That's NOT how insurance works. Insurance is a gamble on the company betting that the premiums they charge a customer would be higher than the costs they have to pay out for him. It's voluntary on both ends. If I don't like that a company is charging me $1000 a month, then I can choose not to pay that. If a company doesn't think that they can cover me for the premium I want, they don't have to. Insurance is a separate issue from health care (which was my point to begin with). Why? If they deem it'll cost more for the care of a cancer survivor than someone who's never had it, why shouldn't they be able to either charge them accordingly or not take the risk at all?
Sorry I don't have better answers, but that's my general understanding in trying to answer your questions.
PS you are literally describing a death panel that chooses who gets to be on insurance, and who doesn't.
Look, I think we want the same things. I don't want cancer medicine to cost hundreds of thousands of dollars. I don't want an MRI to cost $3k. I don't want a stay in a hospital to cost $2000 a night. But that's not getting fixed at all with this. What's happening here is that another group of people (in this case, mostly people who don't want to pay for insurance, or those whose medical situations are such that insurance is cost-prohibitive) are going to get something for free or at a reduced rate. They like that, sure...and for them, there probably isn't much difference between PPACA and "affordable health care." But for the other 255 million Americans, there will now be a tax if they don't choose to pay the insurance companies' rates for now having to cover previously uninsurable-for-cost-prohibition customers. Costs for their care didn't go down. But the price they have to pay for insurance just went up, and business' costs for having plans for their employees went up.

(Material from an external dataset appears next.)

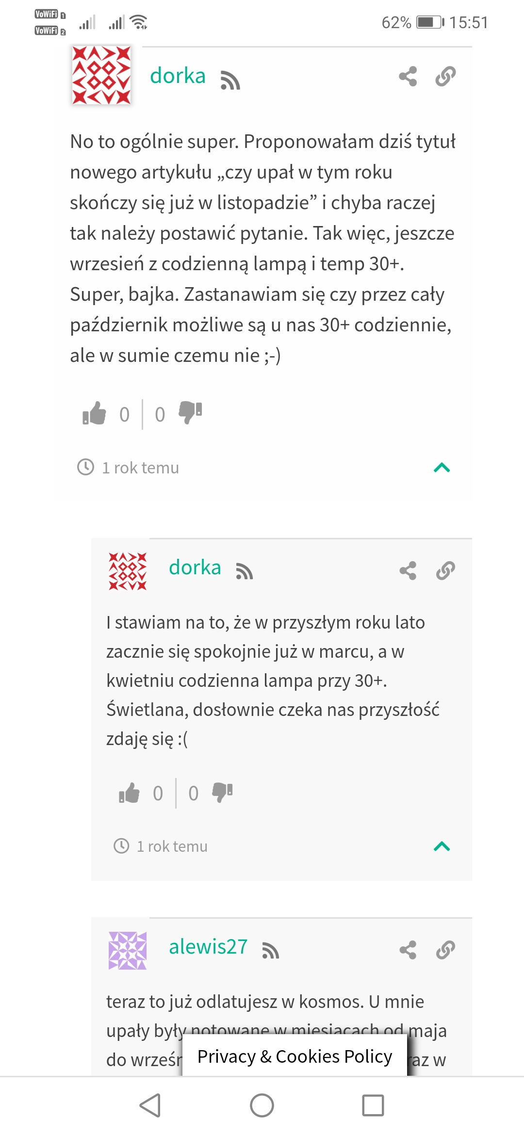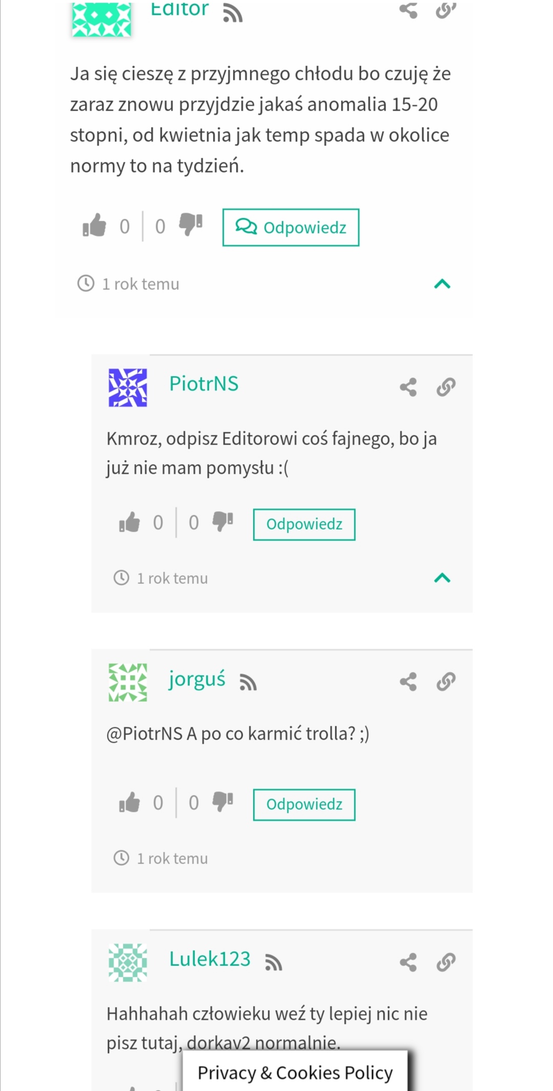 A pani z Bródna dała mi wtedy kosza, bo nie odpisała Z tego co pamiętam, kawałek pod moim komentarzem odezwał się fioletowy pan z Kujaw albo szary pan z Podlasia, który narzekał na zimno w Polsce i pisał coś o Hiszpanii. Dopiero wtedy nadeszła standardowa odpowiedź, tysięczny komentarz o tym, że polscy Murzyni (xD) kochają upały jak żaden inny naród i choćby klimat ocieplał się nie wiadomo jak, to zawsze będzie im za zimno, a dla niej to jest nie do życia

Why should a private company be forced to pay for someone's care? Why isn't that person? Or their family? Or their neighborhood? Or their church? Why are you now restricting the ability of a private company to choose its customers, or the prices they charge for them? It's not Blue Shield's concern that I get cancer or not unless I'm their client. Why the heck should they have to take on a case where they lose money? So spare with the scary words.
Good post. And when the fraud sets in, the cost to you and me will be hundreds of dollars per month. Some people just can't afford it. But if they can't, they then get fined on top of it all. It's kind of like living in a communist country.
No, in a communist country healthcare is free and everyone gets it. There is no money to be fined in the first place.
Since "average joe america" and "the tea party types" are polar opposites (politically speaking) I'm not sure what your point is.
tell that to the scores of democratic congressmen and senators that have gotten voted out of office the past two years. :MARIS61:
25 year-old children. Well, at least Obama's economy has record numbers of 25 year-olds still living with Mommy and Daddy.
There is also free food in Communist countries! Mmmm mmm. Nothing like a half-day wait from some tasty bread and water!
[video=youtube;56c1fSdTAWI]http://www.youtube.com/watch?v=56c1fSdTAWI&feature=player_embedded[/video] Oops.
Roberts rewrote a law, changing it from a "penalty" to a "tax". He is constitutionally unentitled to write or rewrite laws. Impeach him now.
No surprise who shows up for a circle jerk. As a union member though, you really don't have a right to say anything, since unions are exempt from ObamaCare.